The woman was tall and Trace moved out of the path of the lights and saw she was wearing a police uniform.

“My tires are flat,” he said.

“Is that how you fix them? By kicking your fender?” she said. “Oh, it’s you. What’s your name, Tracy or something?”

Trace recognized the woman now as Officer Wilcox, the wife of the lieutenant he had seen when he first came to town. The woman with the roving eyes.

“That’s right. Tracy. You’re Officer Wilcox?”

“Yeah. You say ‘tires’ are flat?”

“Both rear ones. I think it was vandals.”

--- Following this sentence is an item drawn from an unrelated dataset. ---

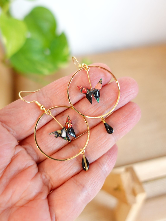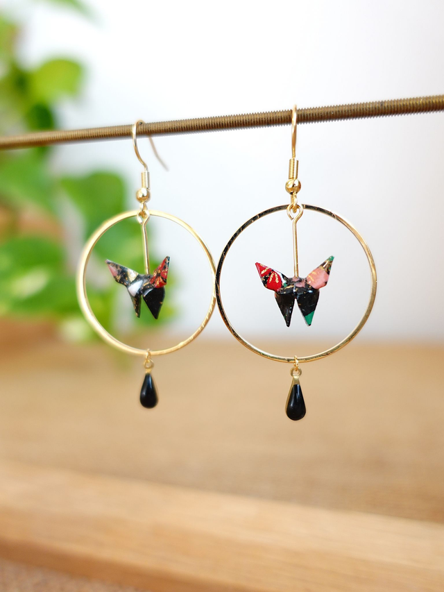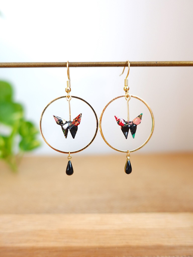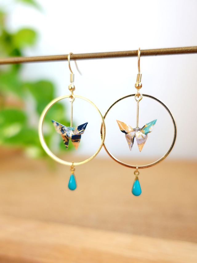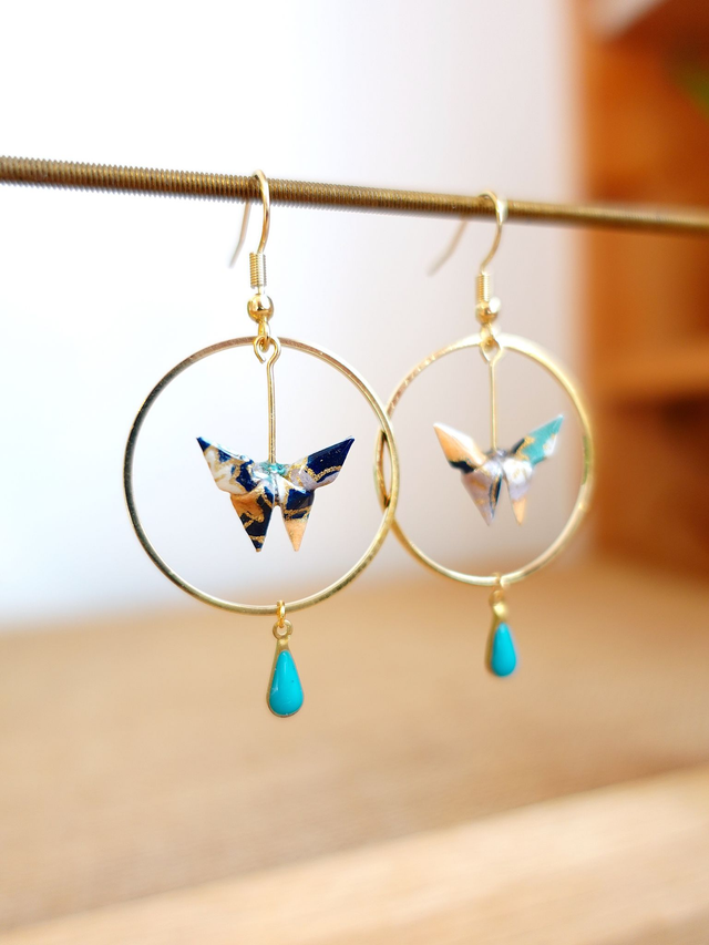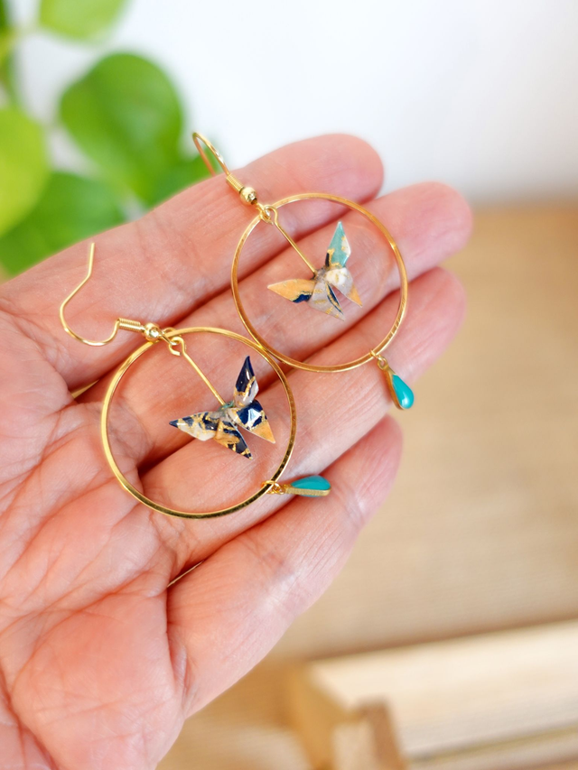 Origami Papillon / INOX doré / Papier japonais washi / Bleu, Noir, or / Créoles, anneaux / Bijou japonais origami / Boucles d'oreilles /

“From that blood on your lip, it looks like you caught them.”

Trace reached up his hand to the side of his mouth and his fingers came away sticky. He decided impulsively that he did not want to involve the police in any of this yet, so he said, “I rapped myself on the trunk lid.” He wiped his mouth with his handkerchief.

“What are you doing here anyway?” she asked.

“I was visiting.”

“Who?”

“A friend.”

She hesitated, then said, “I guess we can let it go at that.”

“Is there an all-night garage around here?”

“No. There’s no all-night anything in this town. Well, hardly any all-night anything. Best I can do, I’ll give you a lift somewhere. You can call somebody in the morning.”

“I appreciate it,” Trace said.

He turned around to replace the spare tire in the trunk, and as he did, in the glare of the squad car’s headlights he saw a small piece of paper on the ground near his flattened right rear tire. He picked up the paper and jammed it into his pocket, and he noticed that the valve cap had been taken off the tire. The tire had not been punctured; someone had just opened the valve to let the air out.

He locked the spare tire in the trunk, then put his car keys on the floor under the front seat and locked all the car doors, first making sure the driver’s front vent window was unlocked and an arm could reach through it to the door lock.

“I left the keys under the seat for whoever comes,” he said.

Police Officer Wilcox drove carefully, her eyes on the road, and Trace had a chance to admire her profile, classic and sharp. She looked to be in her early thirties, perhaps fifteen years younger than her husband.